_Stored records_:
※

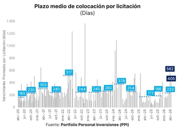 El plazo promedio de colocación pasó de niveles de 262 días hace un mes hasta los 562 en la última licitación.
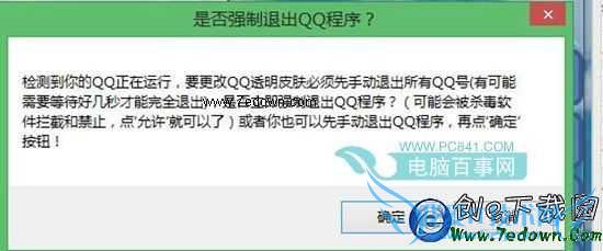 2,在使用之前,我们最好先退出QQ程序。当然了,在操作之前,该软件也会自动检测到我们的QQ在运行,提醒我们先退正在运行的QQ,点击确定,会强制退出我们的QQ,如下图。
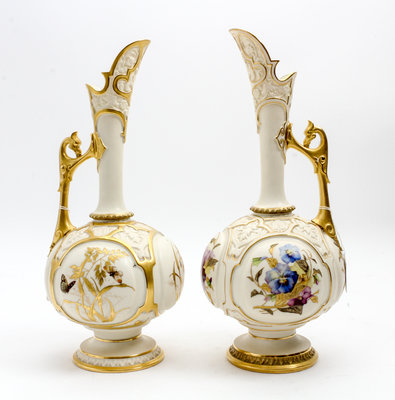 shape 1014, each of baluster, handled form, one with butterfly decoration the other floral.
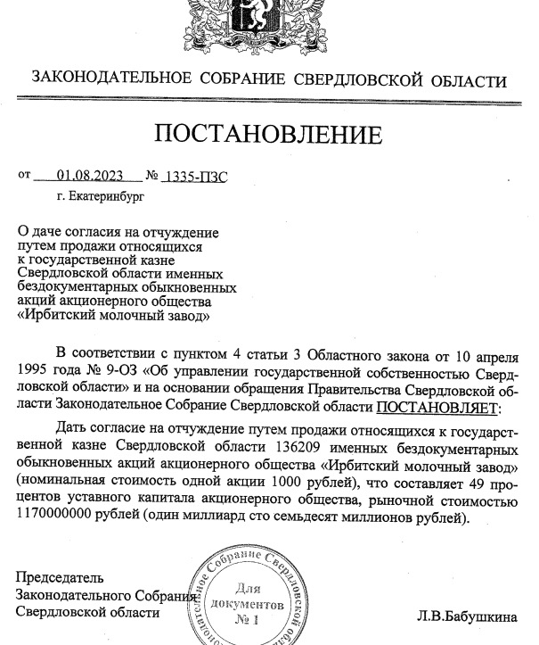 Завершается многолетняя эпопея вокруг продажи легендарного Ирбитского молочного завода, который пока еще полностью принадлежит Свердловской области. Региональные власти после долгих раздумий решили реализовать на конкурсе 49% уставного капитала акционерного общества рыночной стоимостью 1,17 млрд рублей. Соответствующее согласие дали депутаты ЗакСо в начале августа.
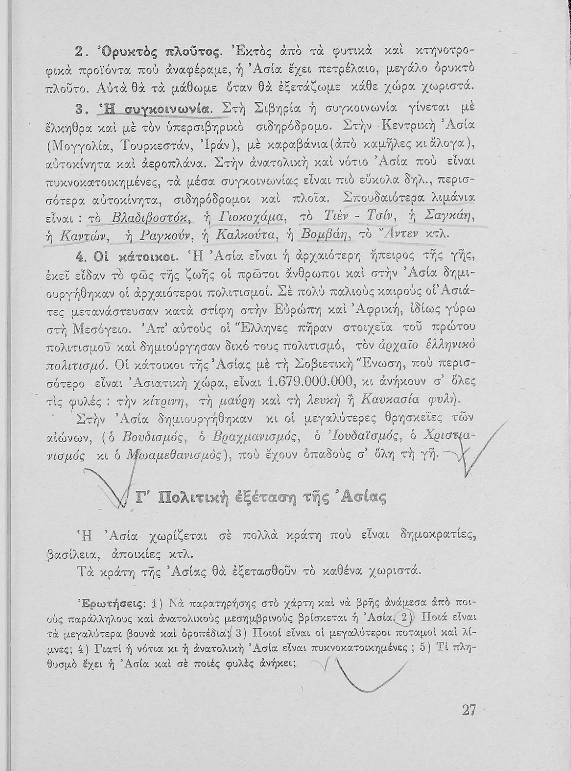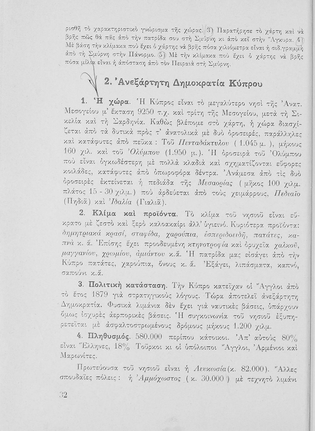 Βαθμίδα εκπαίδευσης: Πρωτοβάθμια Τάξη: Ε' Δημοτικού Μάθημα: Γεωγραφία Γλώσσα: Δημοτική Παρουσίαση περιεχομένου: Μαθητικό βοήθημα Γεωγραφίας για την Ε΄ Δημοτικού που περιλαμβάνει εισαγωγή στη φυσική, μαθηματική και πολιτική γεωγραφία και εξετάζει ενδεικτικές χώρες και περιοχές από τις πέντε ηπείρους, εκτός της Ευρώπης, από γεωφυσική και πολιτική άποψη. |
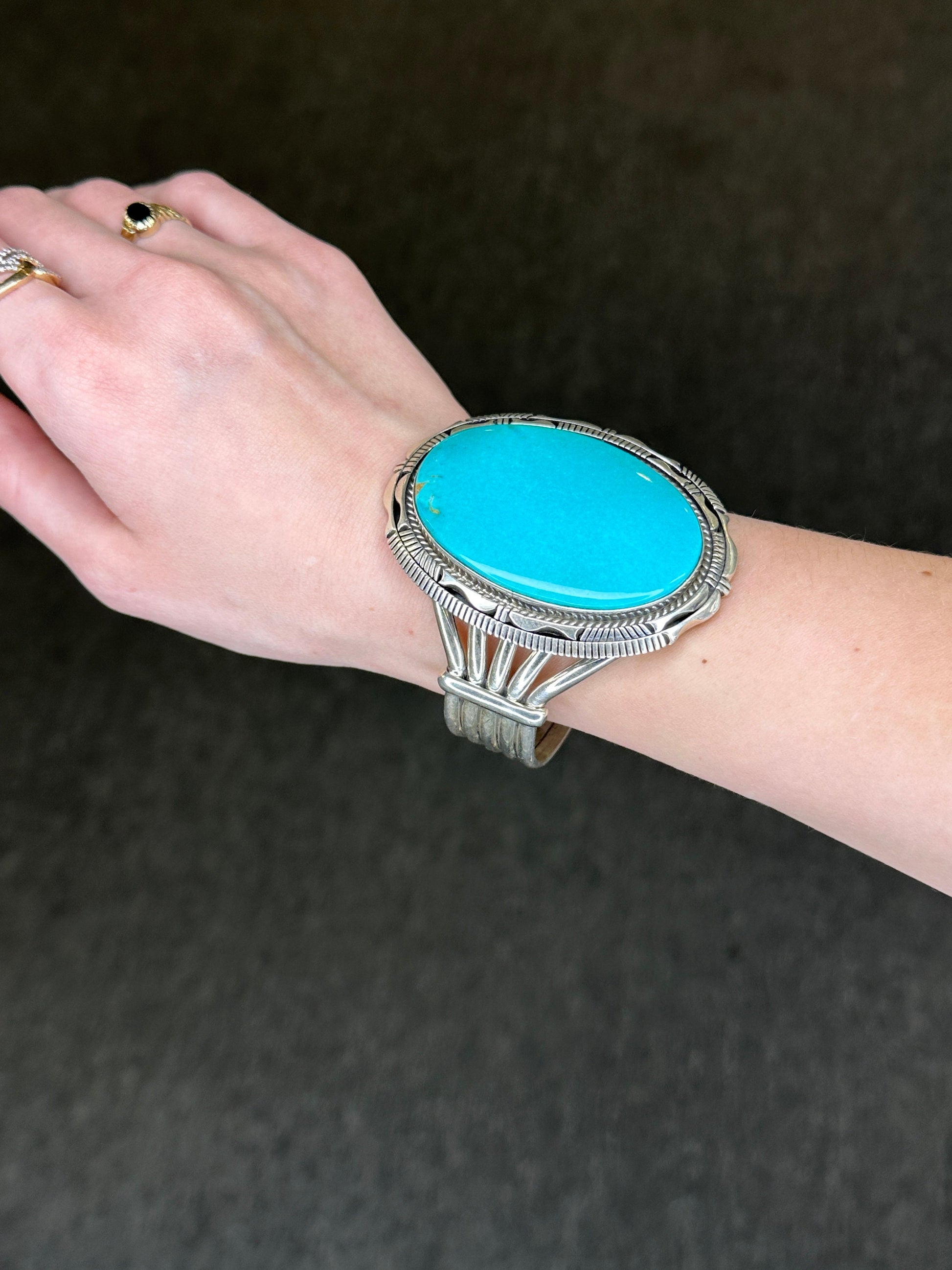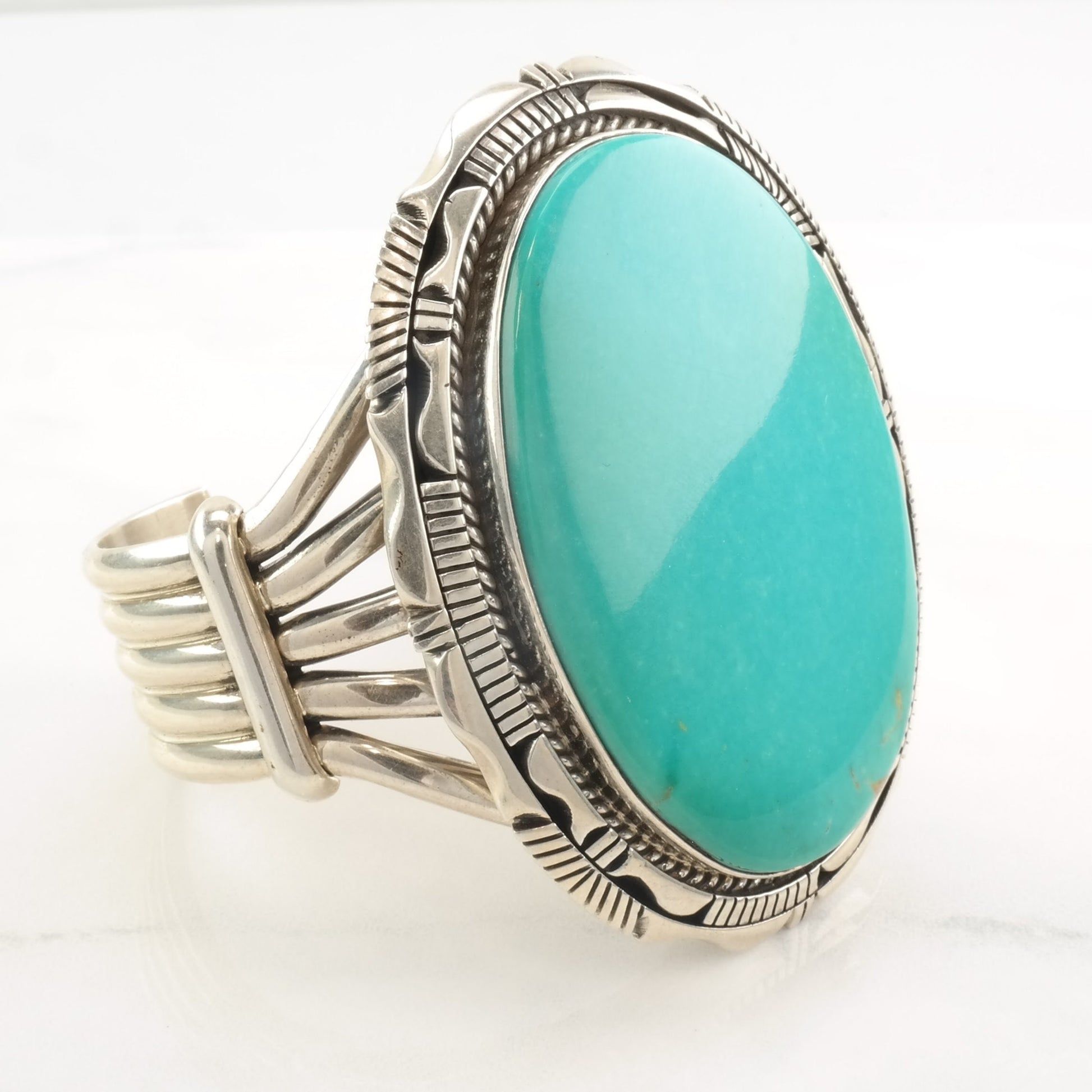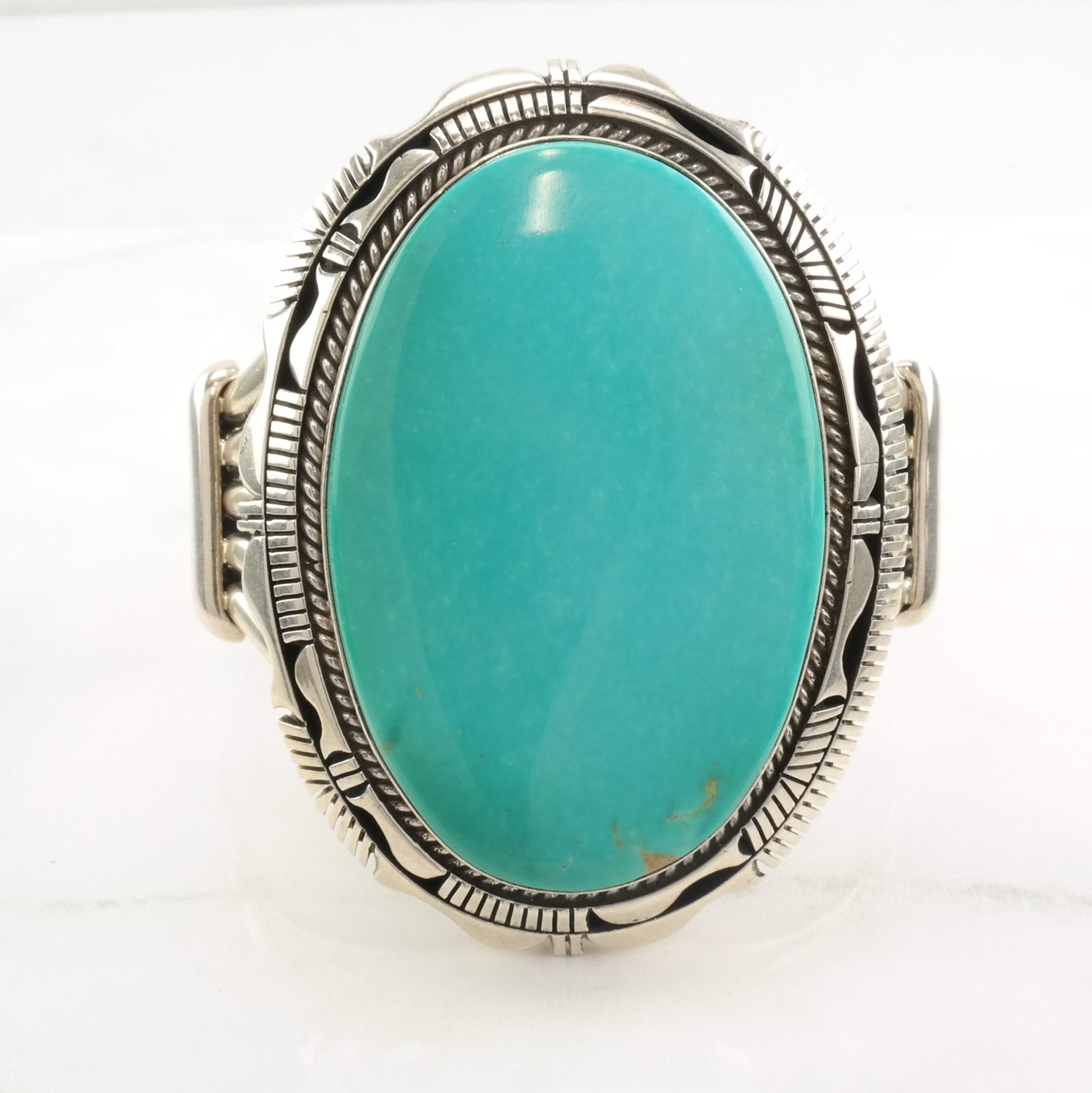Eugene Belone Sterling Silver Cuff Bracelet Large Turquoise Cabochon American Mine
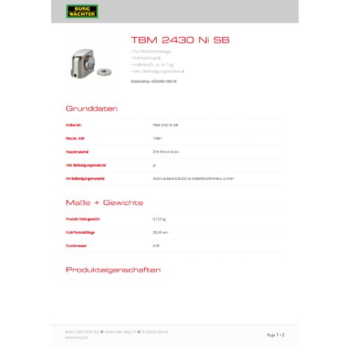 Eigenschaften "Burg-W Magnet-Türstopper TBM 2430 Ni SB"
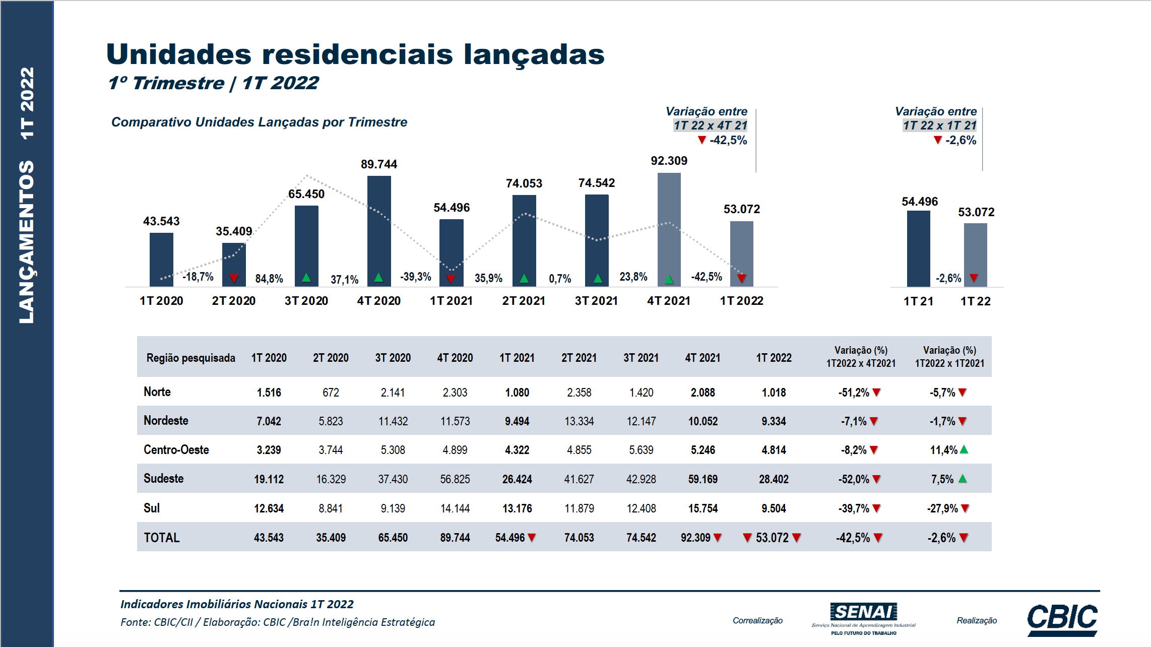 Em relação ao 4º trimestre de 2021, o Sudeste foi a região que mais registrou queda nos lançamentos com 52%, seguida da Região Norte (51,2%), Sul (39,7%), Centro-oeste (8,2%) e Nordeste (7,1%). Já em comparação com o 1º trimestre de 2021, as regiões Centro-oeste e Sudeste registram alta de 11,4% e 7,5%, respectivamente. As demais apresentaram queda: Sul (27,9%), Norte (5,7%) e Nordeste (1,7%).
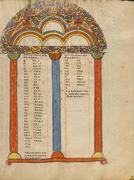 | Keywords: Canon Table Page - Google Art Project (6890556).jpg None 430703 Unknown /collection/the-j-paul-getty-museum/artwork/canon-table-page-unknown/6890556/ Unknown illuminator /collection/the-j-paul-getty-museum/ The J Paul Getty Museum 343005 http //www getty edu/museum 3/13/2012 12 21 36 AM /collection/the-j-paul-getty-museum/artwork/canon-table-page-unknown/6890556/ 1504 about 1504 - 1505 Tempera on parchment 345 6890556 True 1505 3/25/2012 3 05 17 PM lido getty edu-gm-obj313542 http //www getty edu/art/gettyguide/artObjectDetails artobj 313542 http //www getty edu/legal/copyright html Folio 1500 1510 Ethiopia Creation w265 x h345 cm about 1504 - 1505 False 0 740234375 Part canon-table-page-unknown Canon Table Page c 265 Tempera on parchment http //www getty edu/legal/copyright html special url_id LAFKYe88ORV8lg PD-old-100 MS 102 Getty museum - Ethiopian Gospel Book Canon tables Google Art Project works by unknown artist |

※

_WHAT IS BEING ASKED_: Retype the lines above exactly as they appear, from the line containing "Eugene Belone Sterling" through the line containing "Em relação ao", and leave out any pictures.

_SOLUTION_:
Eugene Belone Sterling Silver Cuff Bracelet Large Turquoise Cabochon American Mine
 Eigenschaften "Burg-W Magnet-Türstopper TBM 2430 Ni SB"
 Em relação ao 4º trimestre de 2021, o Sudeste foi a região que mais registrou queda nos lançamentos com 52%, seguida da Região Norte (51,2%), Sul (39,7%), Centro-oeste (8,2%) e Nordeste (7,1%). Já em comparação com o 1º trimestre de 2021, as regiões Centro-oeste e Sudeste registram alta de 11,4% e 7,5%, respectivamente. As demais apresentaram queda: Sul (27,9%), Norte (5,7%) e Nordeste (1,7%).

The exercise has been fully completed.